Promote this server to a domain controller notification in Server Manager
The yellow flag appears once ADDS is installed — click it to start the promotion wizard

In the promotion wizard:

  • Select Add a new forest
  • Root domain name: use something like lab.local or corp.internal — avoid using a real public TLD
  • Forest/Domain functional level: Windows Server 2016 (safe default)
  • Check DNS Server (leave it checked)
  • Set the DSRM password — this is your emergency recovery password if AD breaks, store it somewhere safe
  • Let the NetBIOS name auto-populate (e.g. LAB)
  • Leave paths at defaults
  • Review and install
Entering the root domain name in the DC promotion wizard
Pick a domain name like lab.local — avoid real TLDs like .com in your lab

The server will automatically reboot.
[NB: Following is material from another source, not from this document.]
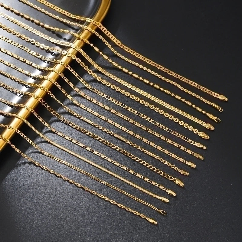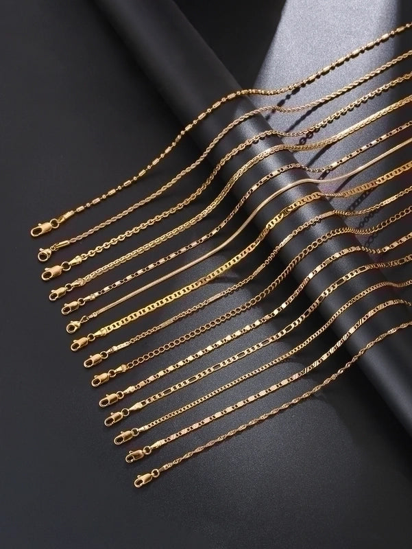 Vintage Style Solid Color Stainless Steel 14K Gold Plated Plating Pendant Necklace 18

When it comes back up, you’ll log in as LAB\Administrator (or whatever your domain name is).


Step 8: Verify everything is working

Open Server Manager → Tools → Active Directory Users and Computers (ADUC).
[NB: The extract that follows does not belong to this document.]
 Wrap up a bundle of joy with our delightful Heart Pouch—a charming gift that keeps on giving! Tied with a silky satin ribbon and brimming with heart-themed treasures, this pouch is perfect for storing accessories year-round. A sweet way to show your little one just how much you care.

You should see your domain in the left pane with the default OUs: Builtin, Computers, Domain Controllers, Users.

Also verify DNS is working:

Active Directory Users and Computers showing a fresh domain structure
A freshly promoted DC — you can see the default OUs that come with every new domain

Open a command prompt and run:

nslookup lab.local

It should resolve to your DC’s IP. If it does, you’re good.


What’s next

You now have a fully functional Domain Controller running in your Proxmox homelab. In Part 2 we’ll cover the day-to-day AD tasks every helpdesk tech and sysadmin should know: creating users, managing groups, resetting passwords, delegating control, and more.

If you want to join another machine to this domain for testing, point its DNS to your DC’s IP and use Settings → Accounts → Access work or school → Connect → Join this device to a local Active Directory domain.